I have a Sidekiq project running a task creates multiple child records and updates the parent record to which this child object belongs. The database is Postgres.
The schema is give below. When the Child record is created, there is a before_create method that updates a flag in the Parent. The Parent has a before_save method to update a timestamp.

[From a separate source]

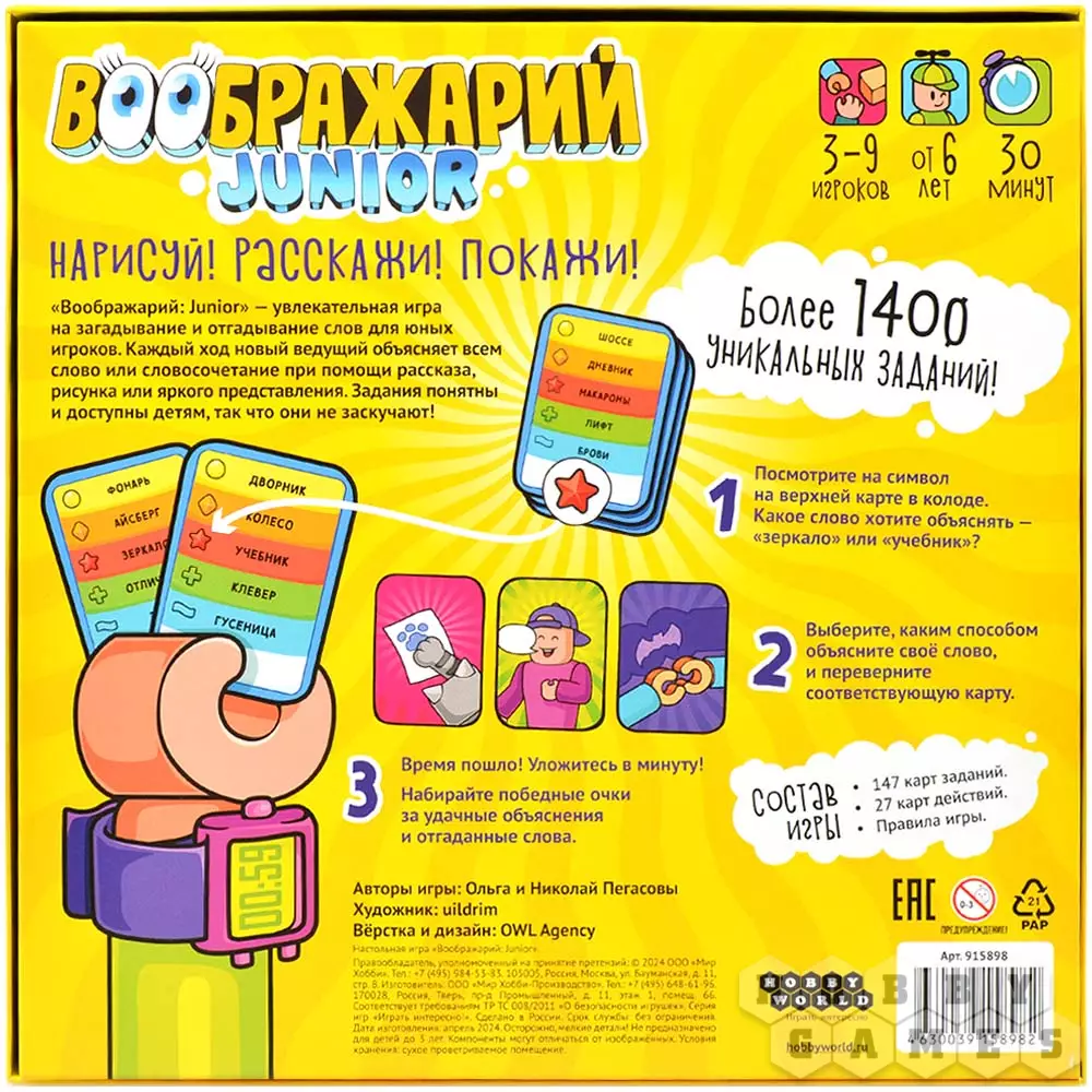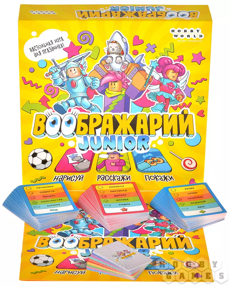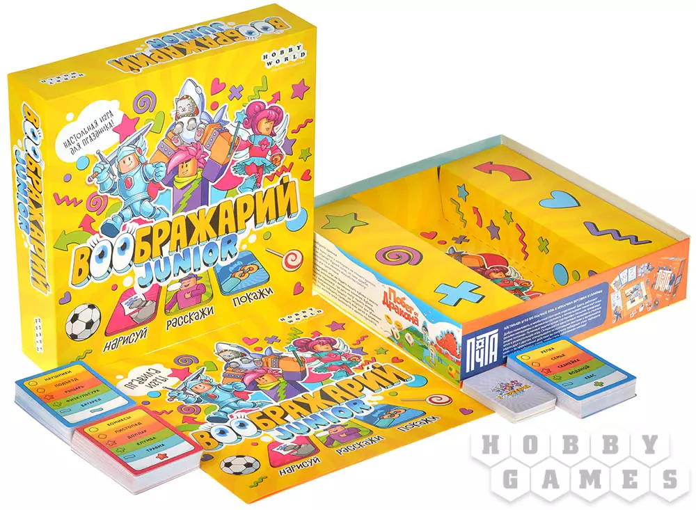 "Воображарий Junior" – это новый представитель в отличной серии настольных игр, построенных на ассоциациях. На этот раз игра была разработана специально для детей от шести лет и старше. Это отражается в адаптированных правилах, дизайне и, конечно, более подходящем наборе слов на карточках. Не бойтесь, что слова станут слишком простыми – игра предлагает два уровня сложности, где среди простых заданий вы встретите слова тип "мультфильм", "детский сад" или "микроб", а среди сложных "гордость" или "блокада".
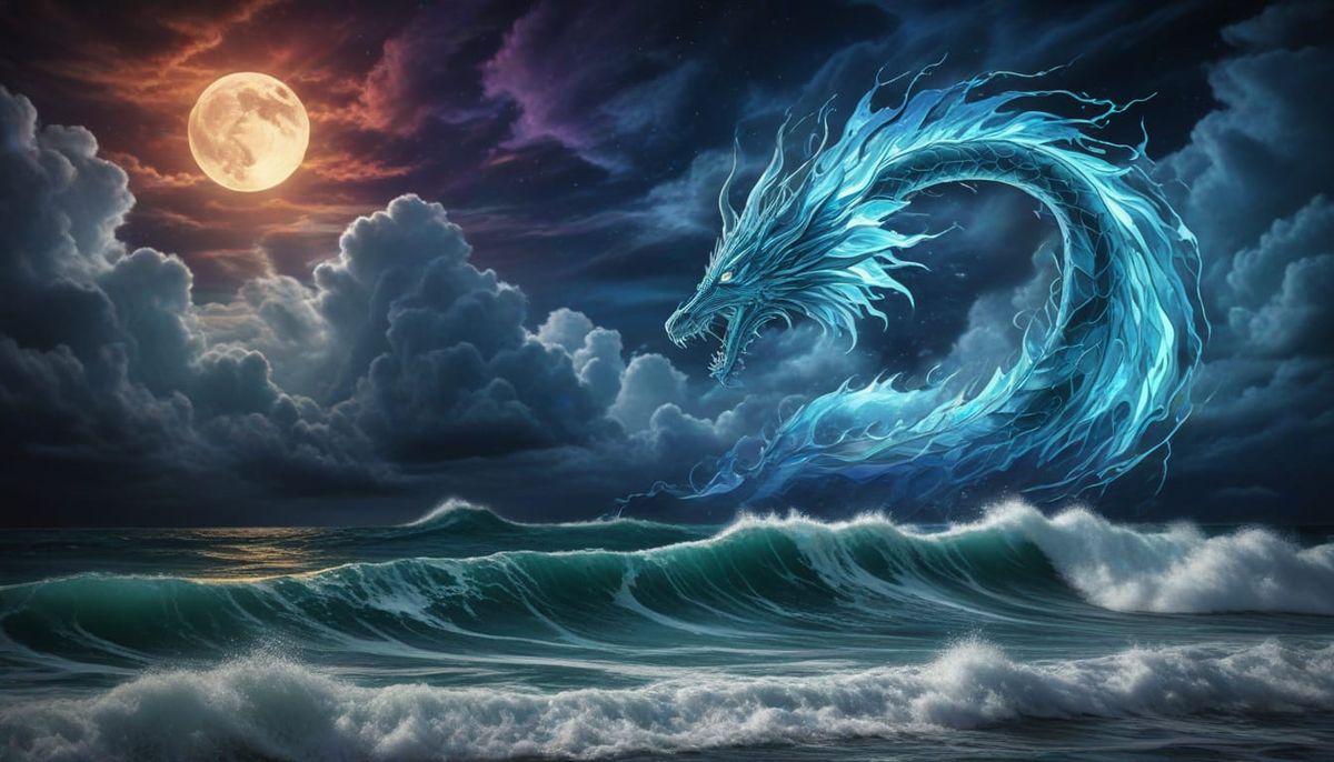 A vibrant stained glass image of a celestial dragon rising above a stormy ocean. The dragon brings lightning and thunder, illuminated by moonlight filtering through the clouds.

# t.boolean "is_updated", default: false
# id :integer not null, primary key
#t.datetime "updated_at"
class Parent < ActiveRecord::Base
has_many :child
def update_flag
self.is_updated = true
end
before_save : set_updated_at
def set_updated_at
self.updated_at = Time.current
end
end
class ChildRecord < ActiveRecord::Base
belongs_to :parent
before_create :update_parent_flag
def update_parent_flag
if self.parent.try(:update_flag)
self.parent.save!
end
end
end
When the Sidekiq job creates just one Child record, there is no error. However when the job tries to create a larger bactch of Child records (35 in one example), the Job is in busy state for a long time. We can see that the Postgres connection is waiting for a lock in the Parent update.
Update The Sidekiq job updates or creates the batch of Child records in a single transaction.
def perform(params, options = {})
children = params[:children]
#New transaction
ActiveRecord::Base.transaction do
children.each do |child|
return_code, error = create_or_update_child_record(child)
if return_code != :created
Rails.logger.info error
return
end
end
end
The following is the blocking statement in the database.
UPDATE "Parent" SET "updated_at" = $1 WHERE "Parent"."id" = $2
How can I avoid this lock when creating multiple Child records? Is there a better design?
Inserting each Child one-by-one is going to be inefficient regardless. You need a way to bulk insert Child objects. This bulk insert method would update their Parents only once at the end.
I prefer activerecord-import to Rails' insert_all primarily because it can do model validations.
# Make the Child models, but do not insert them.
children = [Child.new(...), Child.new(...), ...]
# Validate and insert all the children in bulk
Child.import! children, validate: true
# Get their Parent's ids
parent_ids = children.map(&:parent_id).uniq
# Update their Parents
Parent
.where(id: parent_ids)
.update_all(
is_updated: true,
# update_all does not update updated_at
updated_at: Time. current
)
This executes one insert for the Childs and one update for their Parents.
Note: Consider if the is_updated flag is necessary. Can you rely on the updated_at timestamp alone?